When I talk about strengthening the muscles I do not mean to produce more muscle power. I wonder if you are aware, that muscles which are too tense often are so because they are too weak, not because they are too strong.
Are you sure it's this way around? I'd say that the muscles are weak BECAUSE they spend so much time generically tensed. Rather than strengthening them, this kind of activity can atrophy them. In my opinion, exercise helps because it teaches you to let go of them- rather than keep locking them up in a rigid position. Sure, exercise can help to strengthen things- but it doesn't necessarily follow that it's an act of strengthening that has made the difference. It's perfectly logical to think that the exercise just trained you to let go of a tension that was impeding you and that this was the primary source of change.
To correct the wrist I had to make the forearm muscles stronger to be able to work and relax at will instead of just be cramped or completely unfunctional.
Does strengthening muscles make that happen? I don't personally believe so. I think it's more about the quality of how the hand is connecting to the piano. It's not a case of generically gaining strength and therefore being able to relax at will. The hand of a sumo wrestler can be poorly connected and hence dependent on many tensions. The hand of a hunger-striker can be very well connected and take the whole workload of support off the wrist (when coupled with equally low effort shoulder activity). In most cases, it's a matter of learning how to achieve more efficient balance.
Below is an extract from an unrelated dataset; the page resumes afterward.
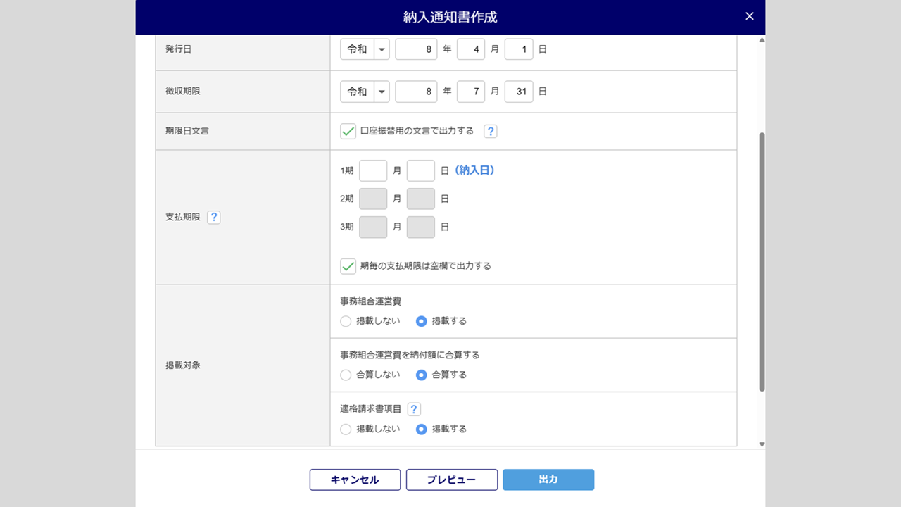 | 請求期 | 選択した請求データの「徴収期」が自動で反映されます。 |
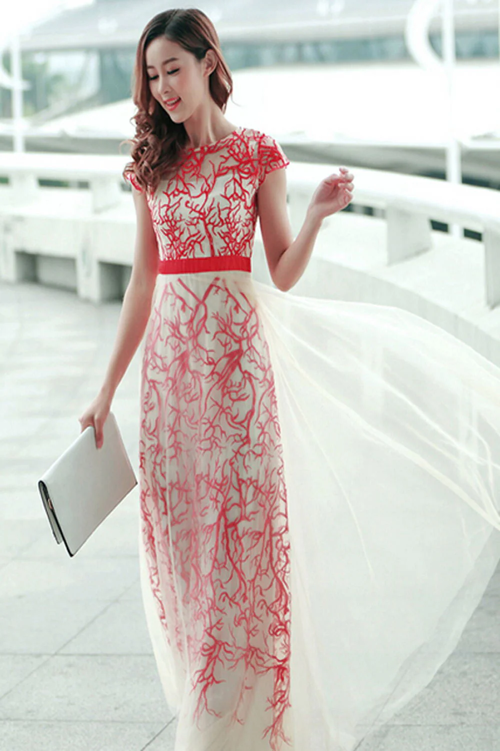 Elegant Watermelon Charming Long Chiffon Lace Prom Dress

From there, some strength does tend to evolve through the actions involved, but I don't believe that generic strength makes it come about. I'd say it's much more likely that you learned how to let go of habitual tensions- which freed you up to perceive useful activities more easily.
To do so I needed to "find" these muscles, since I had absolutely no inside feeling whether they were cramped, relaxed or even where they were. So I needed exercises that had nothing to do with playing, but getting back this lost "feeling" of what is happening with the muscles.
This very much seems to confirm what I suggest in the previous paragraph. It's about perception- not strength. These are exactly the kind of exercises I include in my blog- those that train you to release the specific efforts that serve no pianistic function while training you to perceive those that are can be objectively proven as indispensable.
As you know the muscles involved are not necessarily at the pivot, so I assumed you would not misinterpret what I wrote about the wrist and muscle balance.
I wrote what I did, because it's very unusual for anyone to blame weak muscles for wrist issues- while actually referring to the muscles that connect the hands to the keys. If you'd immediately said that you were talking about insufficient quality of connection to the keyboard, I'd have seen what you mean. However, the fact that you were talking of "strength" made me assume you were looking at precisely that. I think what you are referring to as development "strength" is primarily a process of having learned to release muscles that were previously hampering you- not a case of improving due to added muscular strength. It's much more about what the brain asks the muscles to do than how strong they are. Bad alignments make you feel like you need more strength- but it's more about fine tuning muscular actions, so you involve the useful ones and eliminate the counterproductive ones.